=== TO DO ===
Would you return exactly the lines below from the line with "Åkermarken ordlek t-shirt" through the line with "The interval between", both included, and nothing else, leaving out the pictures?

*** RECORDS SUPPLIED ***

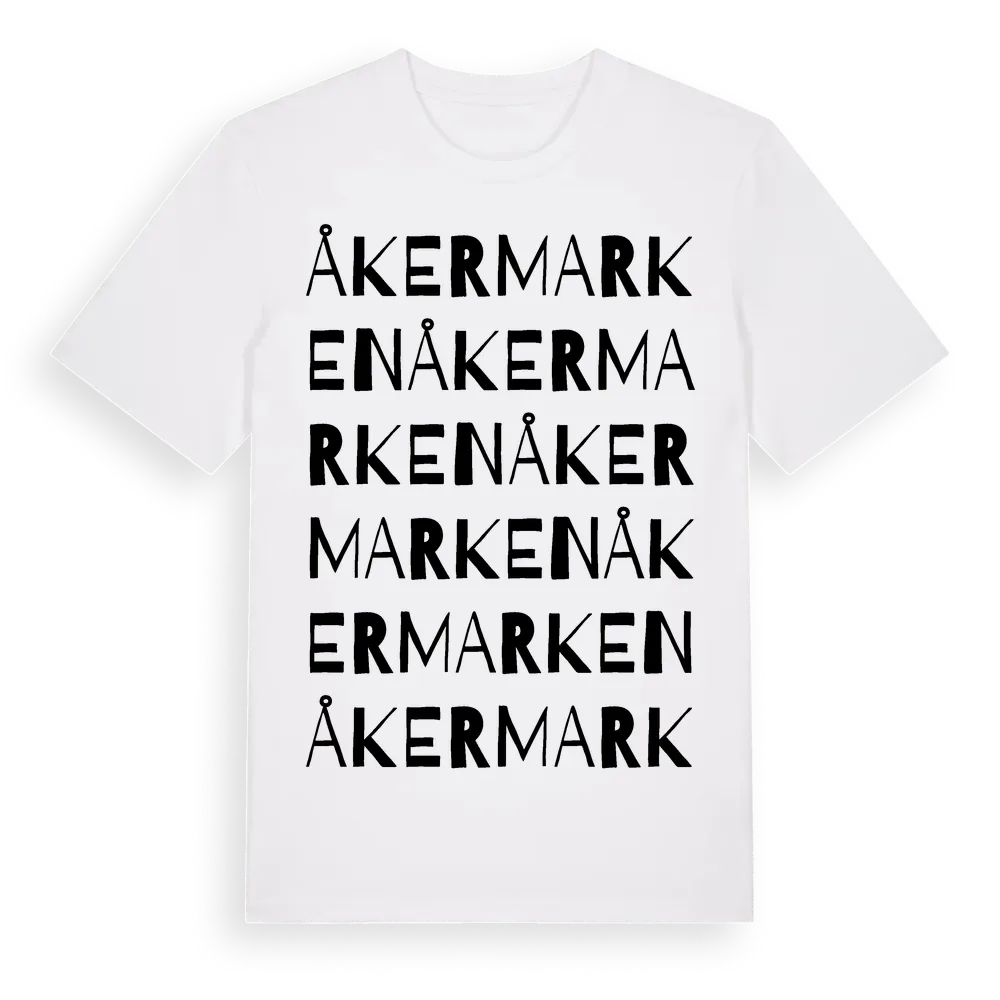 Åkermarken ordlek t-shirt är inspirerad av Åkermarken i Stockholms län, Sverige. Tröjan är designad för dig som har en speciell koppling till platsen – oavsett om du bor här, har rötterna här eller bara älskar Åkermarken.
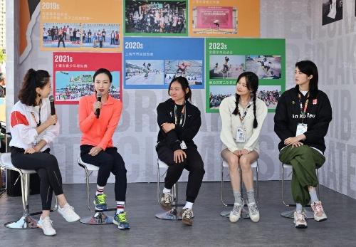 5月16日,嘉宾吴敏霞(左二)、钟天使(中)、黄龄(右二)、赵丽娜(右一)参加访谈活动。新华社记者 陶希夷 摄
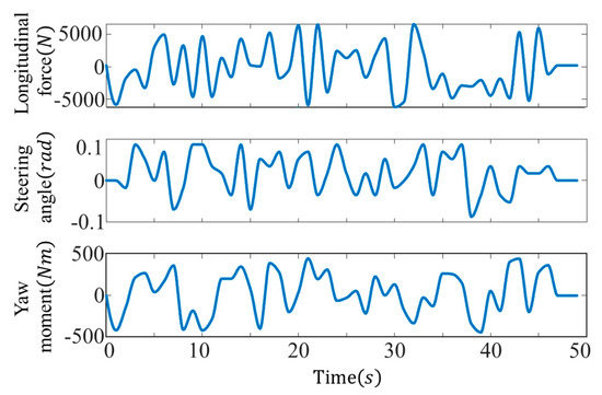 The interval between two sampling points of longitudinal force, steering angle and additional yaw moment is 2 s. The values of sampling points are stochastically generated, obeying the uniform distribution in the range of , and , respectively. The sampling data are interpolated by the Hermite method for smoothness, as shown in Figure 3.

***
*** RECORDS SUPPLIED ***

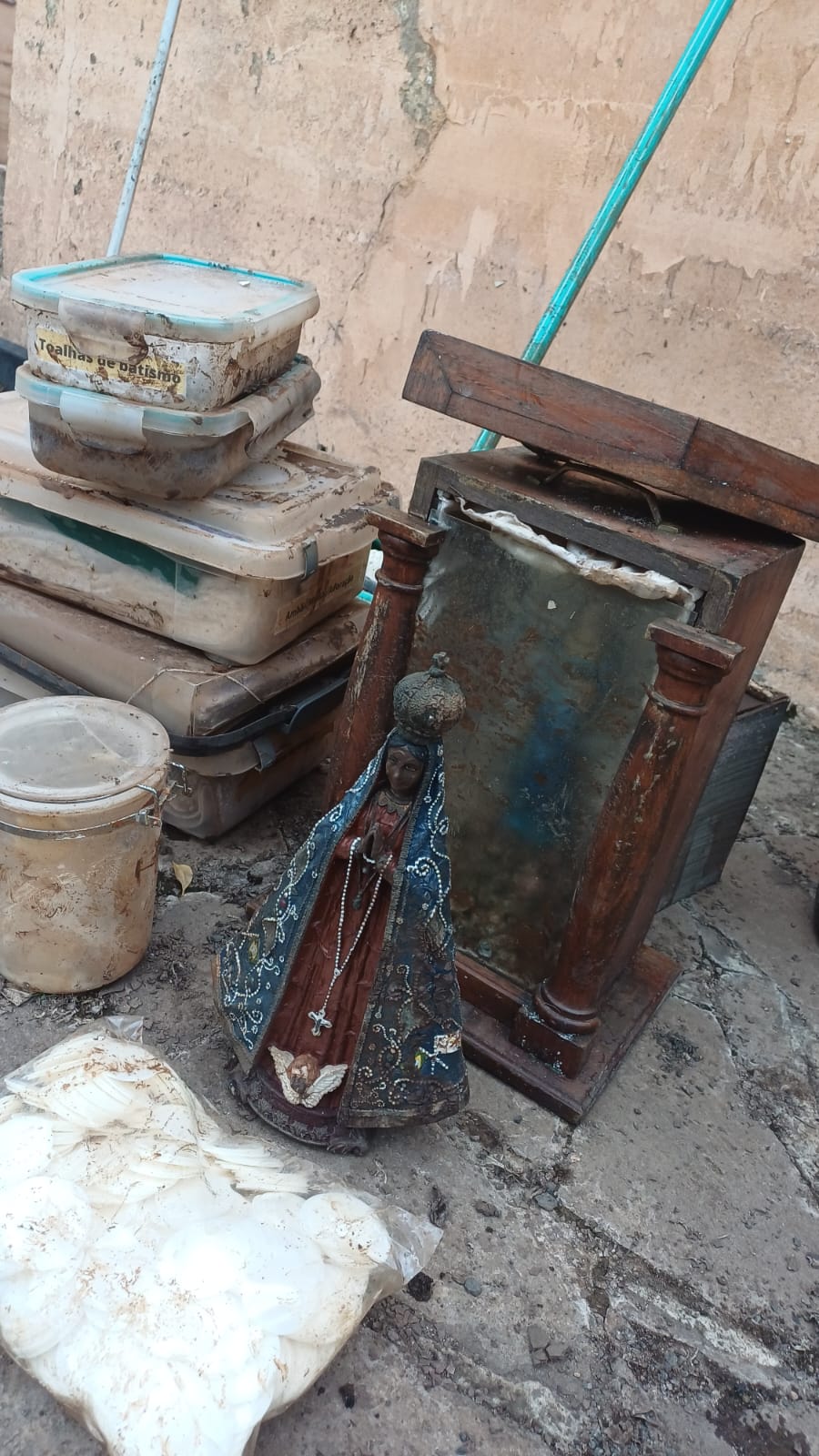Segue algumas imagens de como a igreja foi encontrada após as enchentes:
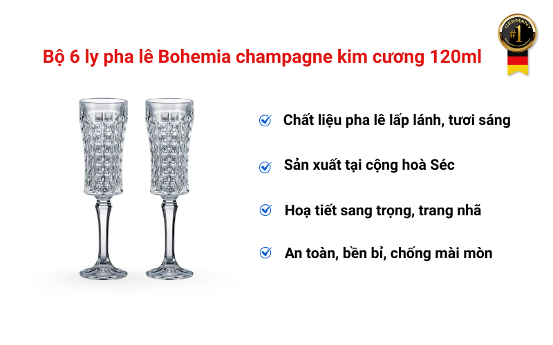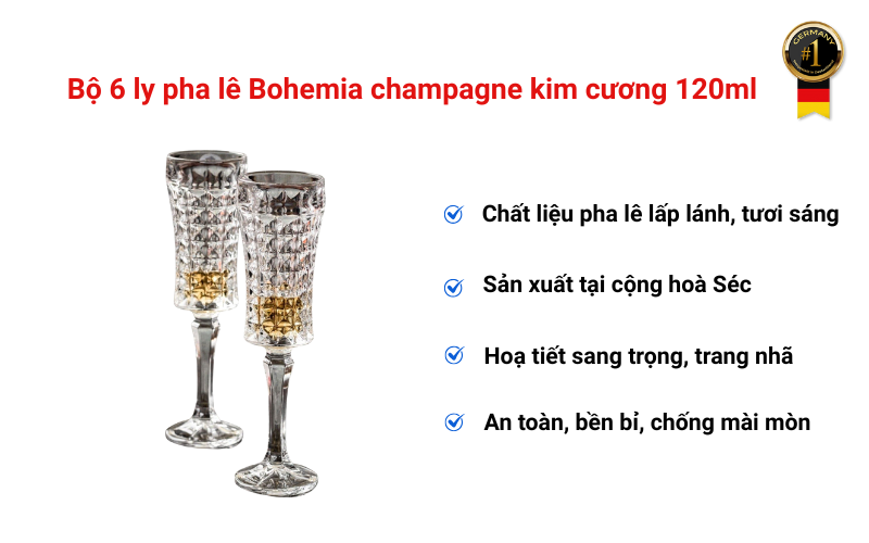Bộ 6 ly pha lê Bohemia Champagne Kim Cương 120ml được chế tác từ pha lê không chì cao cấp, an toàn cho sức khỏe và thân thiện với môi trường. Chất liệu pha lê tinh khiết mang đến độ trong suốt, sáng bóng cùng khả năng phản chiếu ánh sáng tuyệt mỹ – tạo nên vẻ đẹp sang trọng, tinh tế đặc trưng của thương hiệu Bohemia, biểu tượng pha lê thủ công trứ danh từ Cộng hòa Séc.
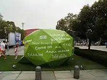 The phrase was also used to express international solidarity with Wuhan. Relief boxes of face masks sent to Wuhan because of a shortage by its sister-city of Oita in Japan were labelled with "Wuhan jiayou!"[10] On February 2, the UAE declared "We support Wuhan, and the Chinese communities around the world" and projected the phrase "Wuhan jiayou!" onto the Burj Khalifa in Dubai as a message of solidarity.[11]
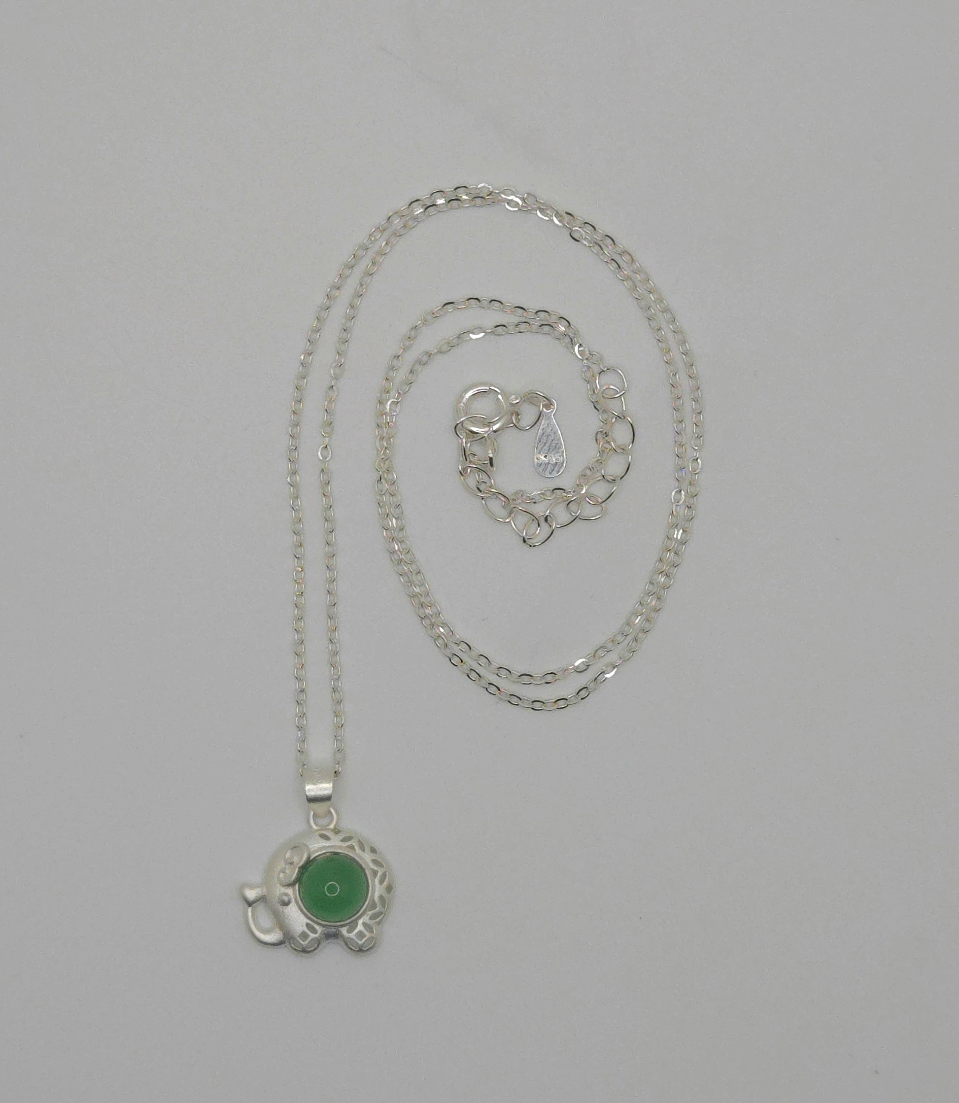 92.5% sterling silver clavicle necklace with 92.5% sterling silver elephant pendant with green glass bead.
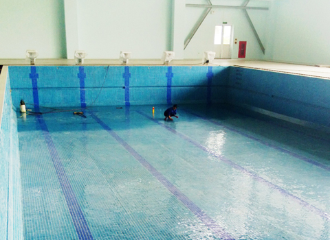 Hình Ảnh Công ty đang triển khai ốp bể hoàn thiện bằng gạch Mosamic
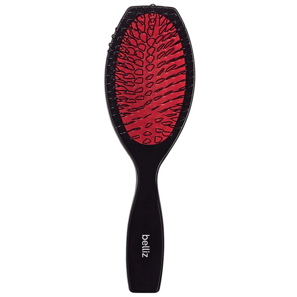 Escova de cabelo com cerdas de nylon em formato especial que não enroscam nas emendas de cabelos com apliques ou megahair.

***

=== SOLUTION FOR THIS EXERCISE ===
 Åkermarken ordlek t-shirt är inspirerad av Åkermarken i Stockholms län, Sverige. Tröjan är designad för dig som har en speciell koppling till platsen – oavsett om du bor här, har rötterna här eller bara älskar Åkermarken.
 5月16日,嘉宾吴敏霞(左二)、钟天使(中)、黄龄(右二)、赵丽娜(右一)参加访谈活动。新华社记者 陶希夷 摄
 The interval between two sampling points of longitudinal force, steering angle and additional yaw moment is 2 s. The values of sampling points are stochastically generated, obeying the uniform distribution in the range of , and , respectively. The sampling data are interpolated by the Hermite method for smoothness, as shown in Figure 3.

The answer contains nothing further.